Thought leader interview with Craig Binning and Andrew Mirabella of Hemson Consulting

September 19, 2025

CWN’s quarterly newsletter with the latest news, insights and thought leadership.

Canadian Water Network’s (CWN) CEO Nicola Crawhall sat down for an in-depth interview with Craig Binning and Andrew Mirabella of Hemson Consulting. The firm specializes in planning policy, municipal finance, demographic and economic forecasting, land needs assessment, real estate advisory, and transportation impact analysis.

Craig is a partner at Hemson Consulting. He leads the firm’s municipal finance practice, which encompasses a range of services, including development charges, fiscal impact analysis, water and sewer rate studies, asset management, and long-range financial sustainability studies.

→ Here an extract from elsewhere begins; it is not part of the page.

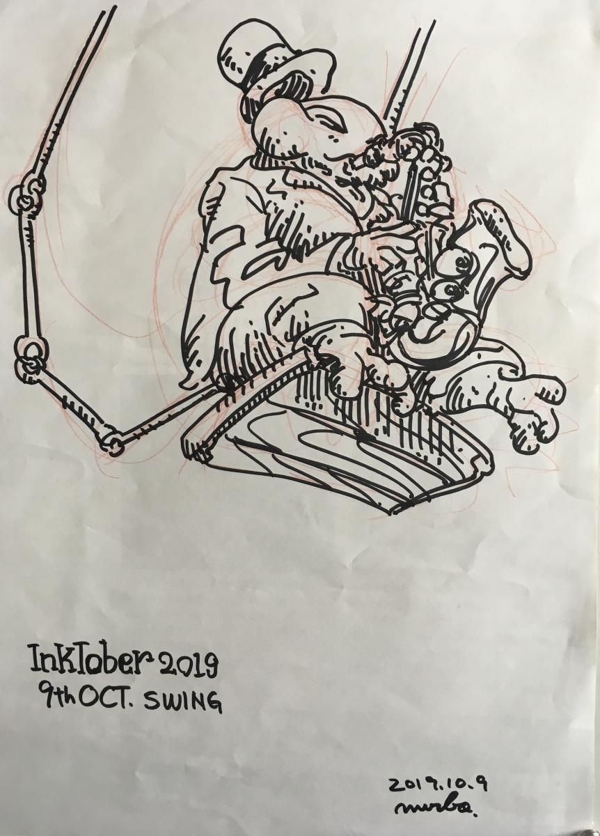 inktober 2019の9日目はSWING。旋回するとかブランコで遊んでるとかジャズでいうグルーヴみたいなこと。日本語のお題では スイング と書かれているために意味がわからない。いや、意味が間違っている場合もあるよね。そんなに厳密なものではなくて、連続して描くためのガイドとしてのお題だろうから硬い話をするだけ意味がないとは思う。しかし、僕は他人の仕様で強制的に描くことで練習にしたいのだ。

Andrew is an associate partner at Hemson Consulting. He heads up asset management plans, utility rate studies, development charge studies, and long-range financial planning.

National housing target and servicing challenge

Nicola: With a housing target of 5.8 million housing units by 2030, municipalities across the country are tasked with planning for, approving and servicing for this growth. FCM’s analysis estimates that it will cost $ 107,000 per household in housing-supportive infrastructure, including water and wastewater, for a total of $600 billion in infrastructure investment across the country.

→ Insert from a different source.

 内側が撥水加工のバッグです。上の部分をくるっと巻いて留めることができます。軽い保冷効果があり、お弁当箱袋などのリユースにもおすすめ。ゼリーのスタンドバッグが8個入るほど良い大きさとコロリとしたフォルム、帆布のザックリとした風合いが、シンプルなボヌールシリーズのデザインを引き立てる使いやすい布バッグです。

Setting aside the challenge of building that much infrastructure that quickly, from a purely financial point of view, do municipalities have the financial levers to enable this level of investment over such a short period of time?

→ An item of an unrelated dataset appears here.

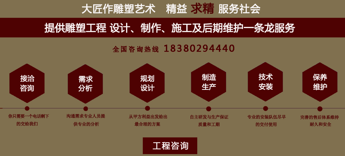 成都大匠作雕塑有限公司,是經(jīng)成都工商局審定注冊的正規(guī)專業(yè)雕塑制作及工程安裝服務(wù)機(jī)構(gòu),是由一群年輕富有朝氣的年輕人創(chuàng)辦,發(fā)軔于四川省成都市龍泉驛區(qū)。它是一家******于創(chuàng)作、制作和銷售為一體的公司。大匠作擁有多年從事公共藝術(shù)的專業(yè)人員和雕塑制作人組成的核心團(tuán)隊(duì),為您提供專業(yè)、具創(chuàng)新的設(shè)計(jì)及制作服務(wù)。公司成立以來,秉承“******服務(wù)、誠信為本”的宗旨,以客戶需求為目標(biāo)導(dǎo)向,不斷學(xué)習(xí),進(jìn)取,優(yōu)化和提高服務(wù)質(zhì)量,公司向您******——“您的滿意***是我們的信譽(yù)”,我們將以飽滿的熱情和******的服務(wù)贏得您的贊譽(yù)和支持。 愛心,細(xì)心,耐心,責(zé)任心是我們的要求,盡心盡職,為您打造出創(chuàng)新、專業(yè)、******的設(shè)計(jì)方案,我們堅(jiān)信先做人、后做事,用心對(duì)待客戶,實(shí)行透明收費(fèi),人性化服務(wù),本著對(duì)客戶負(fù)責(zé),對(duì)客戶負(fù)責(zé),更是對(duì)自己發(fā)展負(fù)責(zé)的態(tài)度,爭取做到讓每位客戶滿意

Craig: Everyone now acknowledges that we won’t hit that housing target within the next five years. It was going to be a challenge anyway, but with tariffs and the economic uncertainty around trade with the US, it has had the effect of slowing down the housing markets, particularly in the Greater Toronto Area, but also in the Lower Mainland of British Columbia (B.C.). This is actually a good thing from an infrastructure perspective because it gives us more time. The price tag is huge. It’s great that the Government of Ontario recently announced another $1.6-billion in funding for housing enabling infrastructure, but within the context of the overall spend, it’s not a lot of money. Large municipalities are already assuming significantly more debt, and are spreading it out over a longer term, but there are restrictions in Ontario (e.g., debt cannot exceed 25 percent of own-source revenues). So, there will be more challenges in how to use that money as there are very few levers. Municipalities and municipal utilities will need to be creative in how they use their reserves. And we are just talking about new assets when we still have to invest in state of good repair (SOGR).  Many large municipalities are in better shape in terms of keeping up with SOGR, but the competition between SOGR and investing in new assets will put more pressure on utility rates. Hemson has seen rate increases of five to 10 percent over the last 10-15 years. Some larger municipalities are now increasing rates closer to the level of inflation.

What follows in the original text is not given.